Hello,

We've found an issue when using agent checks in conjunction with the
weighted least connections algorithm in multithreaded mode.  It seems to me
as if it is possible for next_eweight in struct server to be modified in
another thread during the execution of fwlc_srv_reposition.  If
next_eweight is set to zero then a division by zero occurs on line 59 in
src/lb_fwlc.c in fwlc_queue_srv.

I notice that in haproxy-2.0.18 this section of code is protected by
HA_SPINLOCKs and I've been unable to replicate this issue in that version.

I've written an agent (attached), bad_agent.py, which provokes this
condition by switching randomly between 1 and 0 percent.  I also include a
minimal configuration, cfg (also attached), which seems sufficient to cause
the issue.  With these two running “ab -n 5000000 -c 500
http://192.168.92.1:8080/” will quickly crash the haproxy process.

I include links to a coredump and the binary that generated it
(unstripped).  The backtrace of thread 1 follows.

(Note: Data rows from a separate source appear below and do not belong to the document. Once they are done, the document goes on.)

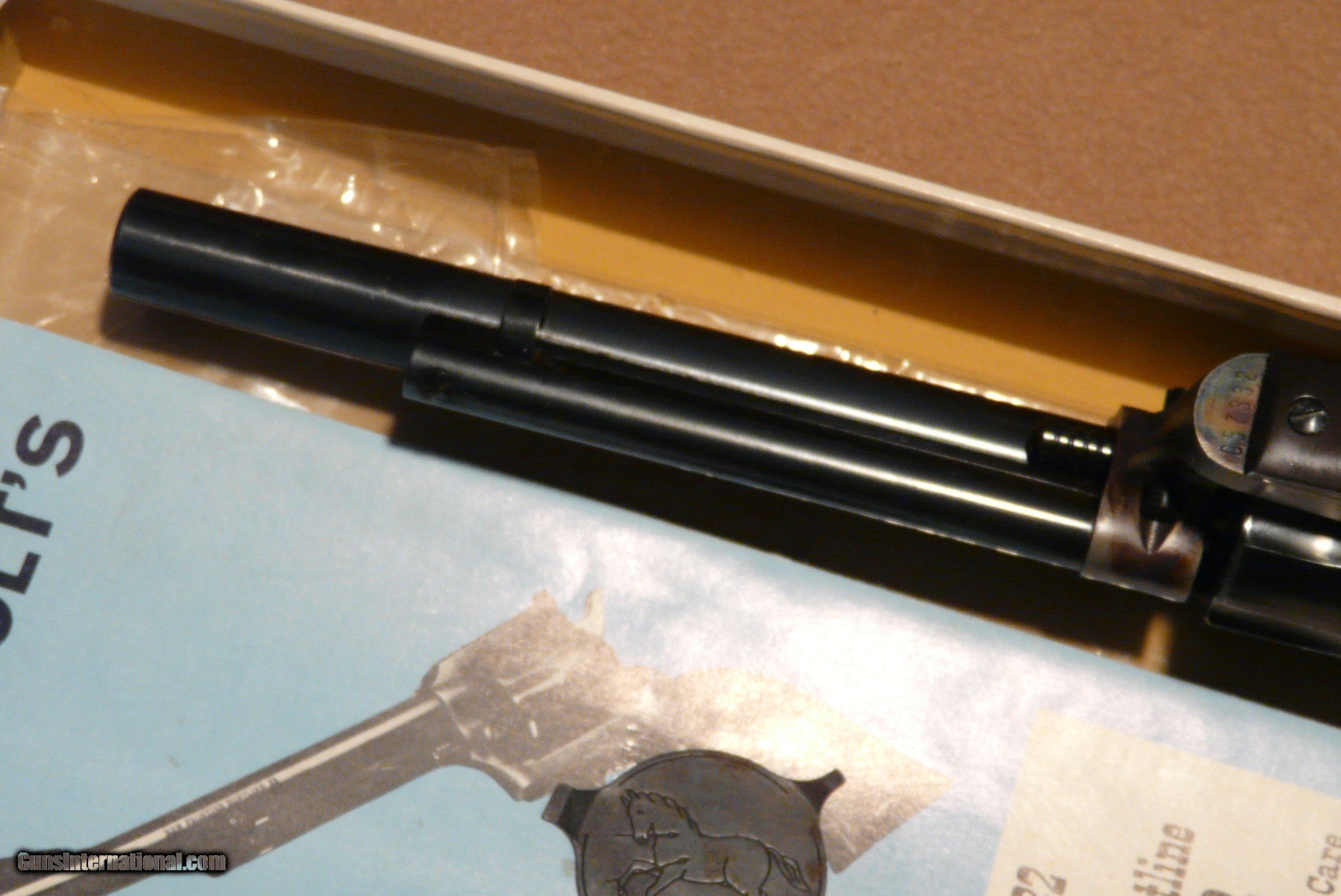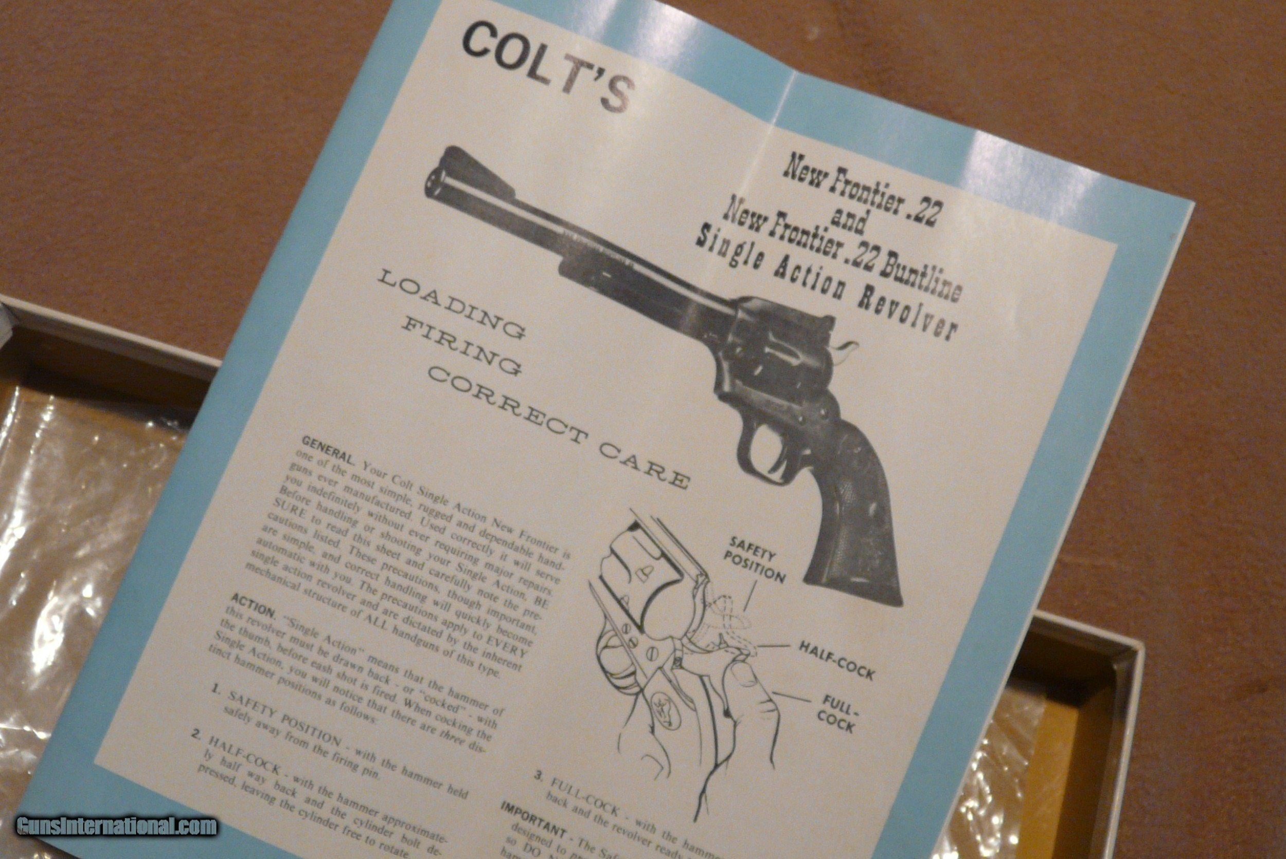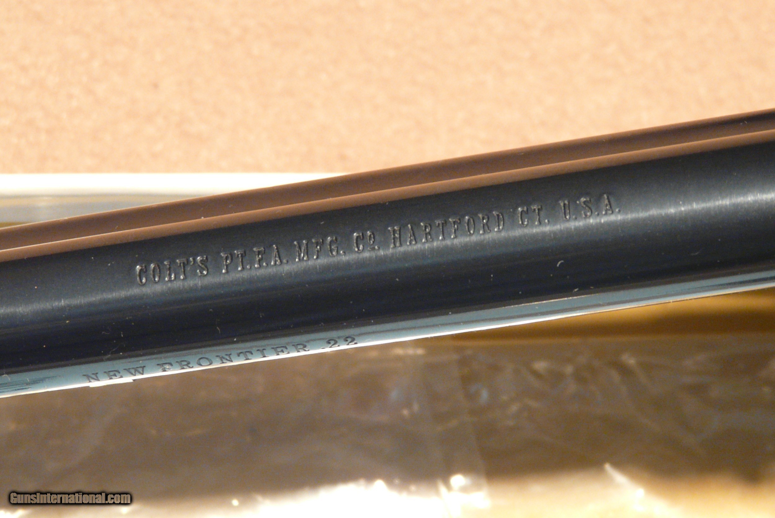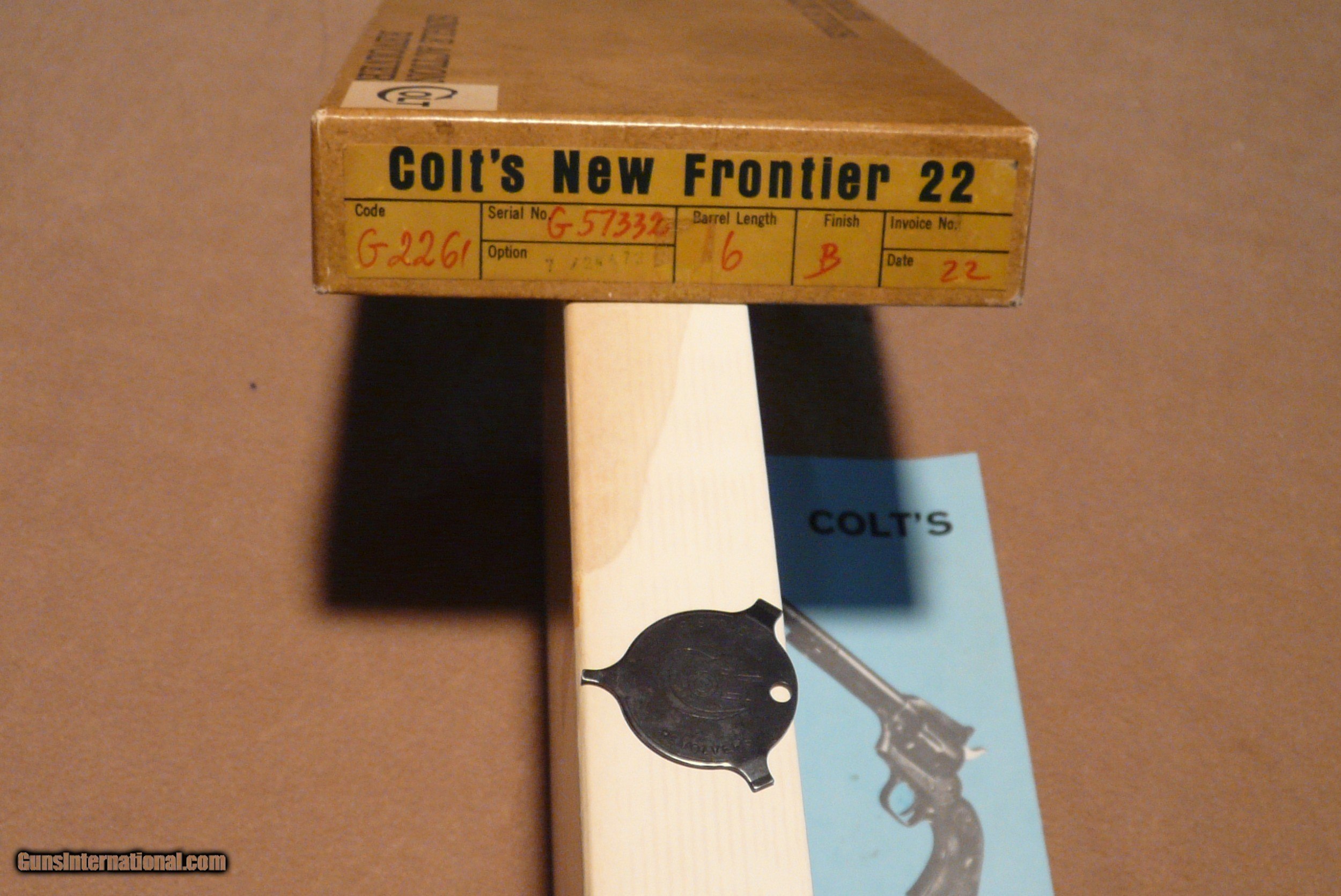 Description: This is a mint condition new Frontier that has fired 6 shots from each cylinder? Owner says he had to do it many years ago, 1972 ?? As you can see in pics, it is in new condition and mint case color and blue, not a mark on the gun , black factory grips, the box is near mint also, and comes with pamphlet and round colt screwdriver. SOLD |
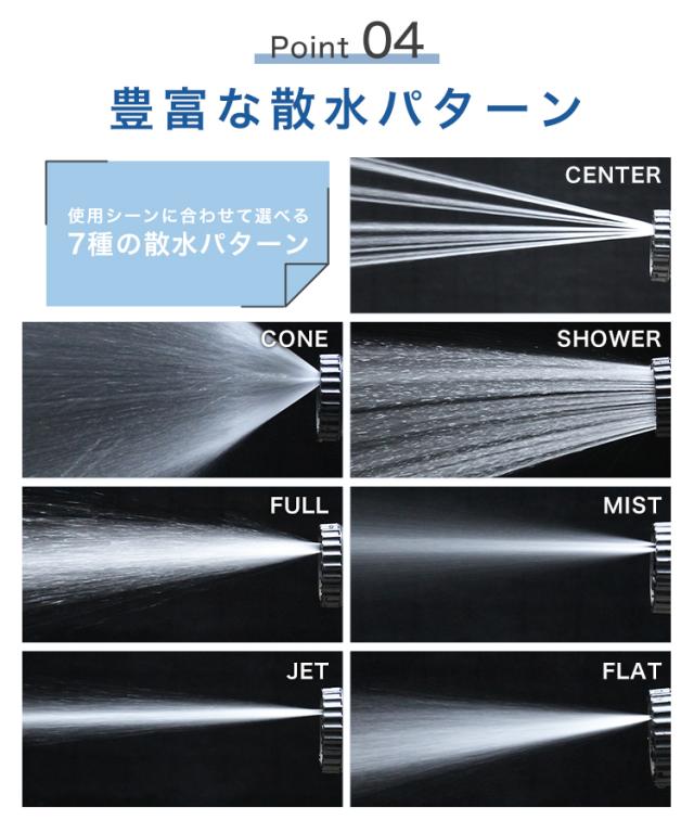 細かな部分から広範囲まで、用途に応じた散水パターンが選べます!!
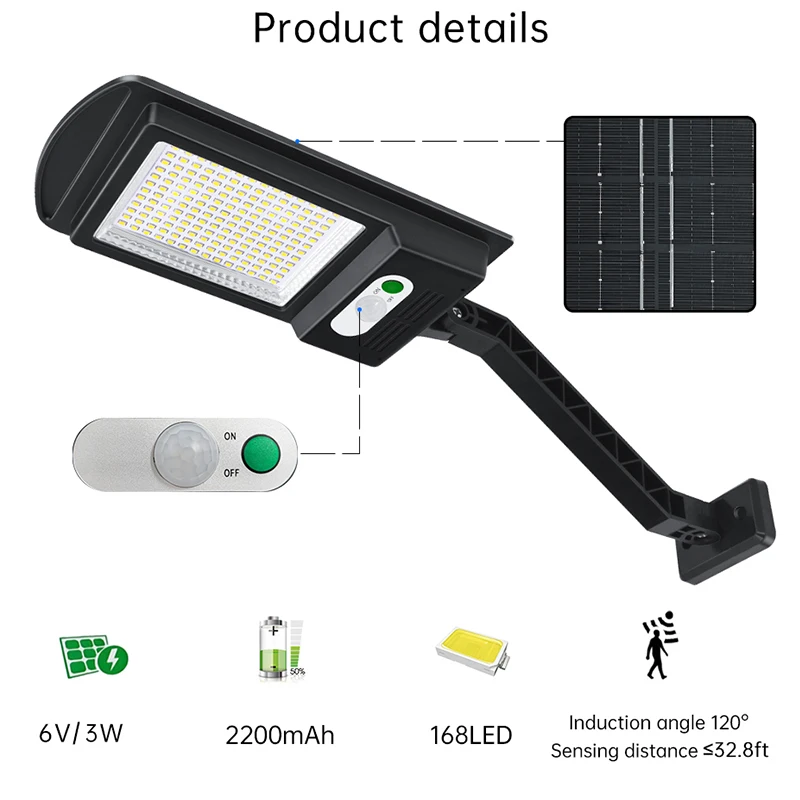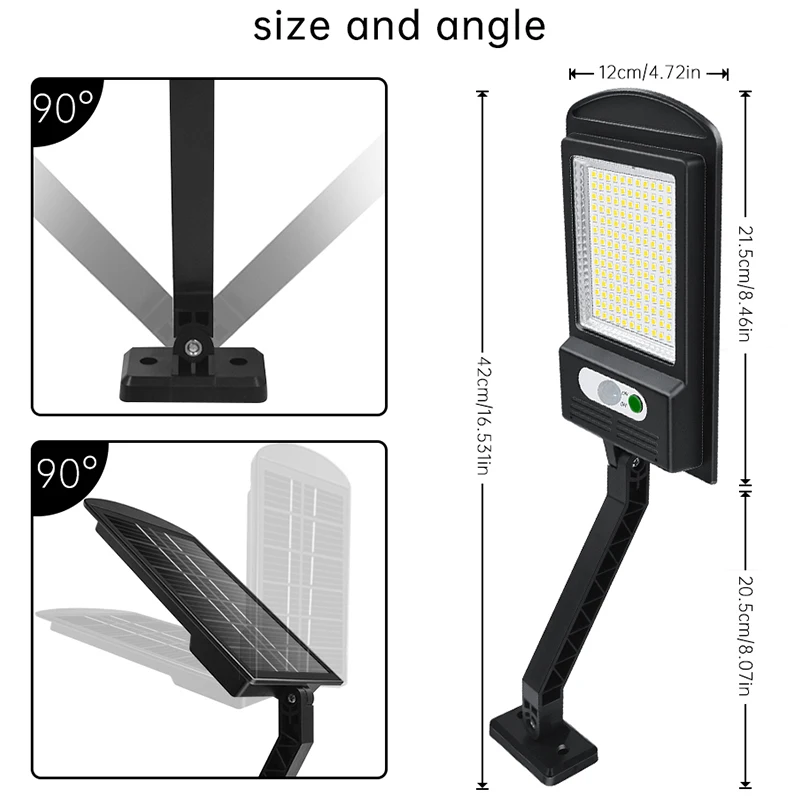 【Super Brightness】–The solar street light has 168 LED beads,day white light,90°ultra-wide angle lighting.
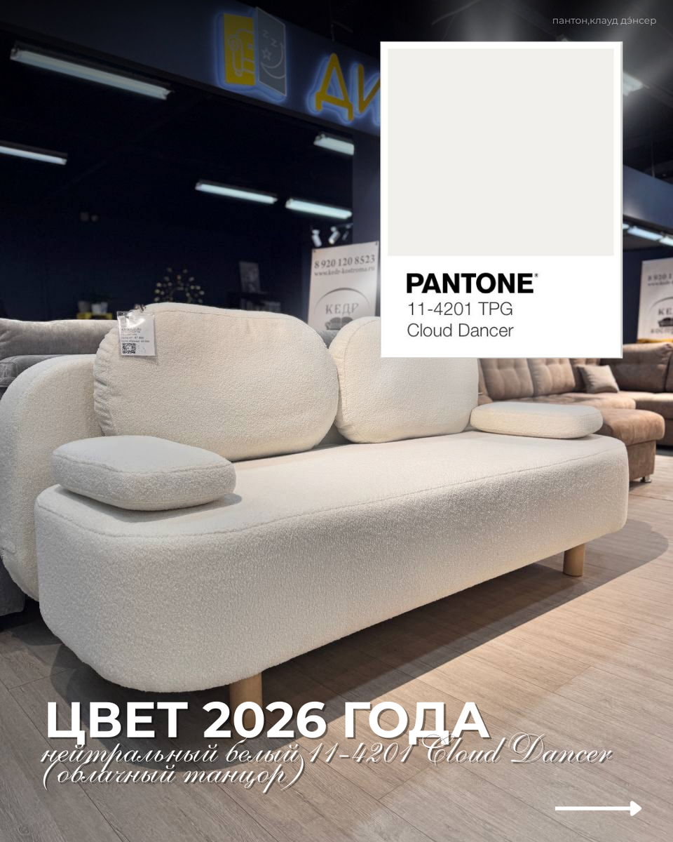 • подходит для долгосрочных интерьеров без привязки к быстротечным трендам Cloud Dancer (Клауд Дэ́нсер) особенно хорошо раскрывается в мебели: он не «съедает» объём, не выглядит плоско и позволяет материалам — ткани, древесине, шпону, камню — выглядеть глубже и дороже. Практически:
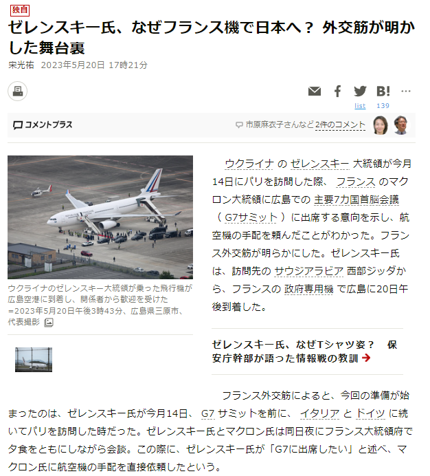 面白いですよね、NHKさんを初め、日本のメディアは「G7がやって来た!ゼレさんがやって来た!ウェーイ!!」と大はしゃぎなのに、この見出しには「日本」も「広島」も出て来ないし、話題の中心はゼレさんの物乞い外交なのです。
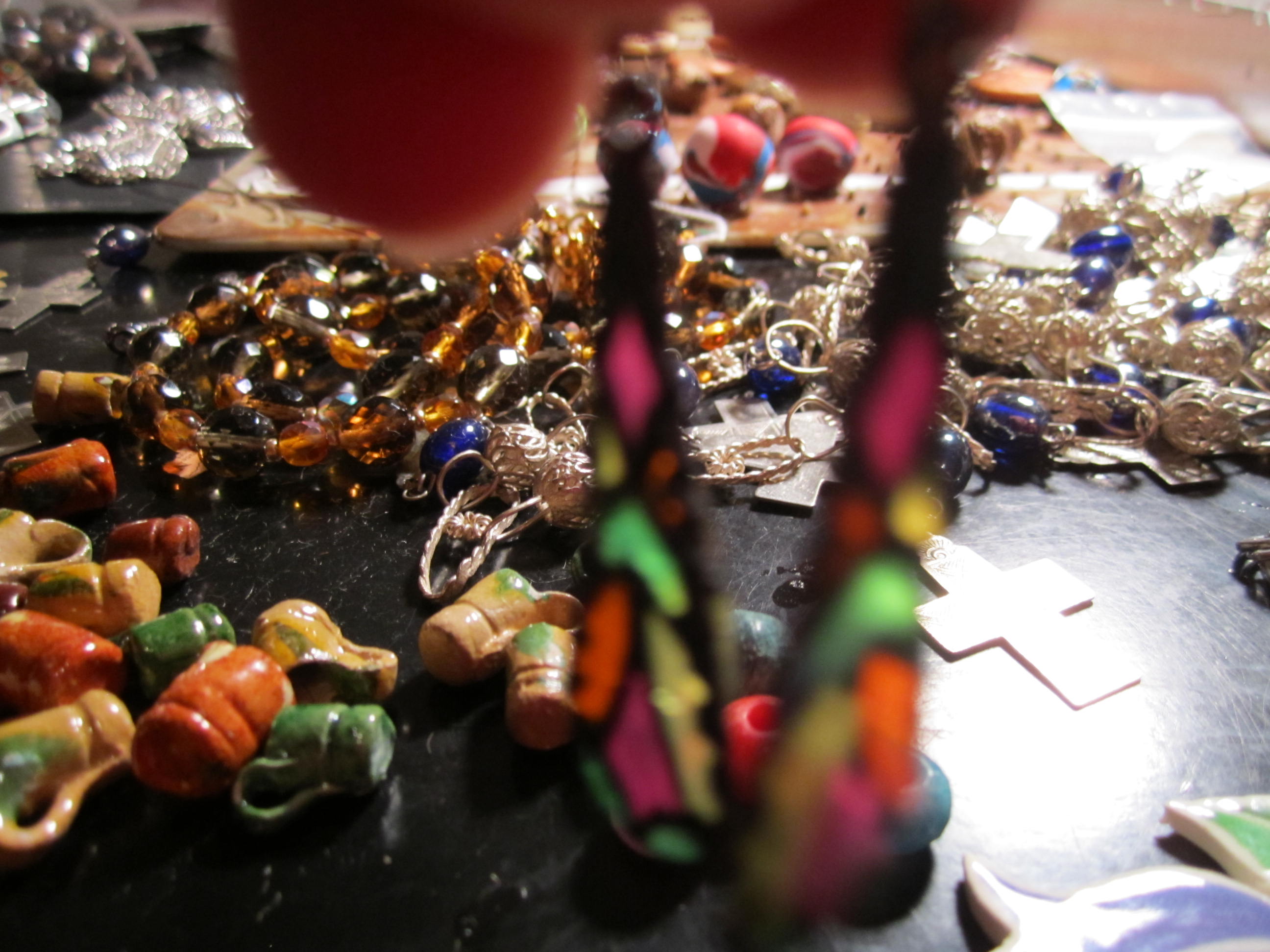 Then as an added bonus to my day, David set up the drill press and did these things for me. We were experimenting, seeing what we could drill holes through , lol !! I have a bunch of each item to do, but we stopped for the night, but we will be making some more unusual beads out of non bead things !!

GNU gdb (Debian 8.2.1-2+b3) 8.2.1
Copyright (C) 2018 Free Software Foundation, Inc.
License GPLv3+: GNU GPL version 3 or later <http://gnu.org/licenses/gpl.html
>
This is free software: you are free to change and redistribute it.
There is NO WARRANTY, to the extent permitted by law.
Type "show copying" and "show warranty" for details.
This GDB was configured as "x86_64-linux-gnu".
Type "show configuration" for configuration details.
For bug reporting instructions, please see:
<http://www.gnu.org/software/gdb/bugs/>.
Find the GDB manual and other documentation resources online at:
    <http://www.gnu.org/software/gdb/documentation/>.

For help, type "help".
Type "apropos word" to search for commands related to "word"...
Reading symbols from ./haproxy...done.
[New LWP 11307]
[New LWP 11308]

warning: Unexpected size of section `.reg-xstate/11307' in core file.
[Thread debugging using libthread_db enabled]
Using host libthread_db library "/lib/x86_64-linux-gnu/libthread_db.so.1".
Core was generated by `./haproxy -db -- cfg'.
Program terminated with signal SIGFPE, Arithmetic exception.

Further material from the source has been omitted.